- **What this task involves**:
Nothing but the lines below from the one that contains "Francis Kioyo und" through the one that contains "좋은 행운 세라믹 손 컵 축제 가정 찻잔 새해 커피 컵 물 컵 실용적인 손 선물" should be retyped, exactly and including both ends. Do not include pictures.

- **Input for this task**:
>>>

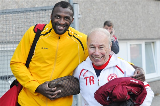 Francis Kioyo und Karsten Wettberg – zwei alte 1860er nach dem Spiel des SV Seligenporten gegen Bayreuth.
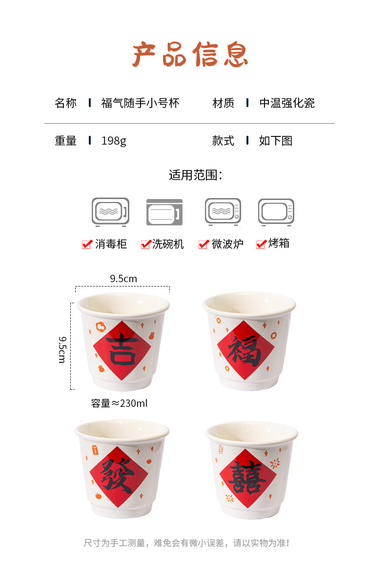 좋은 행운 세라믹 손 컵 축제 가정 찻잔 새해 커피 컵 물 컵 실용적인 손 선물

<<<
>>>

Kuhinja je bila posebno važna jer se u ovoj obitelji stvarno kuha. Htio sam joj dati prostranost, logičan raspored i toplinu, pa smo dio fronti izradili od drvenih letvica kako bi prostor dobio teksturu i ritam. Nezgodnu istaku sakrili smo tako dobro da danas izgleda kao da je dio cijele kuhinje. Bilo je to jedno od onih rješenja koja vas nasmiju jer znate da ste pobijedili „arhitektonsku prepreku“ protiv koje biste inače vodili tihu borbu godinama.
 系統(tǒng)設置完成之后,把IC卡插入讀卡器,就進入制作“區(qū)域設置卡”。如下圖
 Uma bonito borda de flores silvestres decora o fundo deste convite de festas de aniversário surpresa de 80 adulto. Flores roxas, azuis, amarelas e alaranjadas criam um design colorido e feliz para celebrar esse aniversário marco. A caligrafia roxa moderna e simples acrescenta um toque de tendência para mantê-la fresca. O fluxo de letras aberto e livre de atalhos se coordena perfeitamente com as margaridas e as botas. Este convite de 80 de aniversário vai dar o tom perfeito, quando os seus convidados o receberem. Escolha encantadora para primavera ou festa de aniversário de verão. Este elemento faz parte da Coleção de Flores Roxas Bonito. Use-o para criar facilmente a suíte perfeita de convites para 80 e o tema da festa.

<<<

- **Response**:
 Francis Kioyo und Karsten Wettberg – zwei alte 1860er nach dem Spiel des SV Seligenporten gegen Bayreuth.
 좋은 행운 세라믹 손 컵 축제 가정 찻잔 새해 커피 컵 물 컵 실용적인 손 선물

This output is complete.